← Back to context

Comment by tokenadult

14 years ago

From the article: "In Academia, high school students have to fight to become undergraduates. Undergraduates have to fight to become PhD candidates. PhD candidates have to fight to become adjuncts. Adjuncts have to fight to become tenured and tenured professors have to fight to become Dean. I can’t even think of a single online community that bears even the slightest resemblance to this sort of power structure."

Interesting point. Maybe having forms of recognition that are demonstrably difficult to achieve does help outstanding contributors feel more like staying.

While I'm academic and more positive on it than some of the sentiment around here is, that actually seems like one of the biggest downsides of academia. It at least partly selects for careerists/game-players/CV-padders over experimenters/thinkers (doubly so for anyone whose goal is to become Dean). Lots of smart people end up burning out or going elsewhere, and many of the rest have a lot of their time taken up learning not-very-interesting things, like how to negotiate the web of prestige, publication, and funding agencies in their field. To the extent it works, I think it's despite all the hierarchy, not because of it.
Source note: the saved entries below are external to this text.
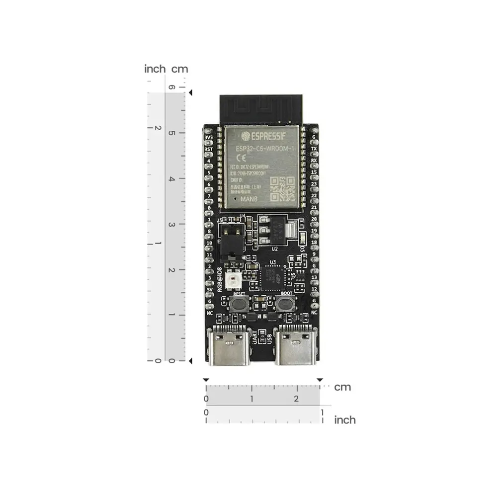Verschillende functies benadrukken de mogelijkheden en het gebruiksgemak van het board . De USB -naar-UART-brug maakt snelle gegevensoverdracht mogelijk – tot 3 Mbps – terwijl de ESP32-C6 USB Type-C-poort zorgt voor een comfortabele voeding en communicatie. Deze poort is ontworpen om USB 2.0 op volle snelheid te ondersteunen met overdrachtssnelheden tot 12 Mbps. Voor eenvoudige visuele feedback is het board voorzien van een adresseerbare RGB-led, aangestuurd door GPIO8, om de status display of gegevens visueel weer te geven in levendige kleuren.
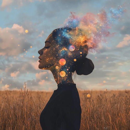 a woman standing in a field in profile her head turned towards the sky and from her chest emanates shining stars and pretty coloured smoke like a galaxy with planets and stars. Colours gold pink, blue realistic
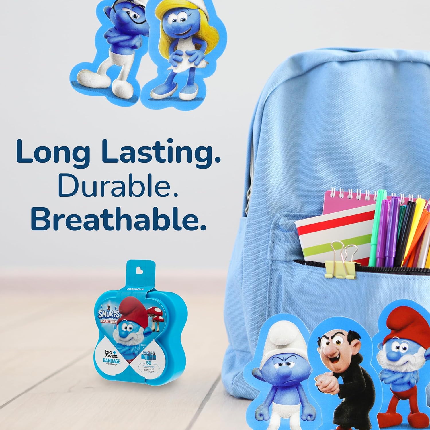 BioSwiss Bandages, The Smurfs in 3D Shaped Self Adhesive Bandage, Latex Free Sterile Wound Care, Fun First Aid Kit Supplies for Kids and Adults, 50 Count Plastic Case
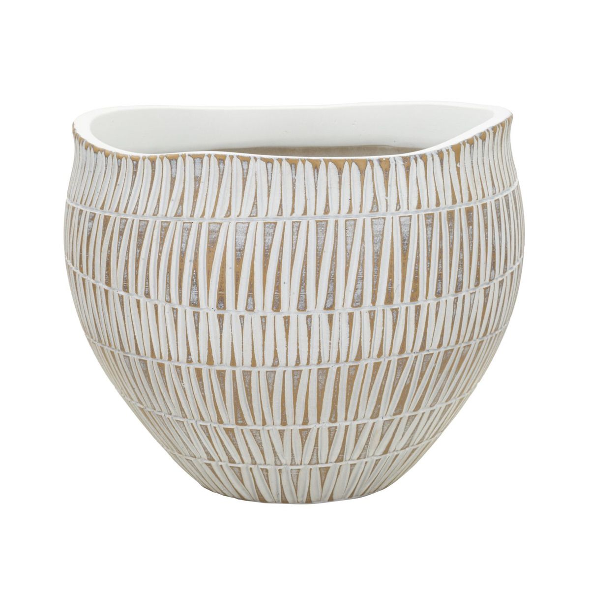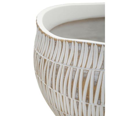 | Description | Resin cachepot elegantly decorated with geometric and linear carvings. |

  • This is a good point. I generally like the “show us the code” method of social proof in open source communities much more than the “show us your certifications” method in academia. The problem of course is that the latter is much easier to scale up, because the certification stands in for a close and careful examination of each person... “Oh, he graduated from X school? he’s probably alright” is much faster than “Let me spend a few hours reading a major piece of work.”

    It’s interesting to wonder whether how you’d go about building communities for doing science in a way that had tasks for inexpert but hard-working/bright newcomers to get started on, and allowed building reputation without all of the hassles of degrees and academic politics where much of the effort is misdirected. I wonder when/if some of the methods and norms of online communities will begin to supplant those of academia as it is today.
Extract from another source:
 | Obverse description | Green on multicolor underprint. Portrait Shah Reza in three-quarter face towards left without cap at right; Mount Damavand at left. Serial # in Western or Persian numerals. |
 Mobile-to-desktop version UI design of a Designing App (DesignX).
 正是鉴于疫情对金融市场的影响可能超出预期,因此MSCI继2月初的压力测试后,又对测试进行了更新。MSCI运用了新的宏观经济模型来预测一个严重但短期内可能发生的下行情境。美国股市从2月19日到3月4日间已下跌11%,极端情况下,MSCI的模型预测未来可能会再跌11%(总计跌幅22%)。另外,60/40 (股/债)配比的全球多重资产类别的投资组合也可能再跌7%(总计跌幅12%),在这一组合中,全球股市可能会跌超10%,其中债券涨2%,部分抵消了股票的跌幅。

    Interestingly, when it was smaller, science used to be much more accessible in this way. Once you were literate, you’d passed enough of a bar for serious people to treat you with some respect, and all kinds of advances were made by amateurs. So are the more open systems in computing just because of the youth of the field, or does online communication allow amateurism to scale further than it used to?

I overemphasized the fighting element in the system and neglected to mention that each of these classes have very specific roles in the ecosystem and that they mesh together in a (sometimes healthy) symbiotic way to form the social structure that is the university.

Or alternatively, if there is some sort of power structure that is difficult to move through, people don't bother because there are other places for them to go that don't require as much effort.

Why would anyone engaging in an online community want to partake of an elitist "power structure". Okay, other than power junkies whose world is embedded in this kind of delusional existence.

Most folk don't want that insidious role-playing in real life. Online they can just walk away. So that would be why it doesn't exist.

  • In the real world, we take these elitist power structures for granted. Corporations, Politics, Churches, PTAs, they all unthinkingly replicate a power structure as they grow.

    What's interesting to me is that this same pattern appears not to apply to the web.

Indeed, and it may incentivize and motivate them to do things they might not otherwise have done within the community.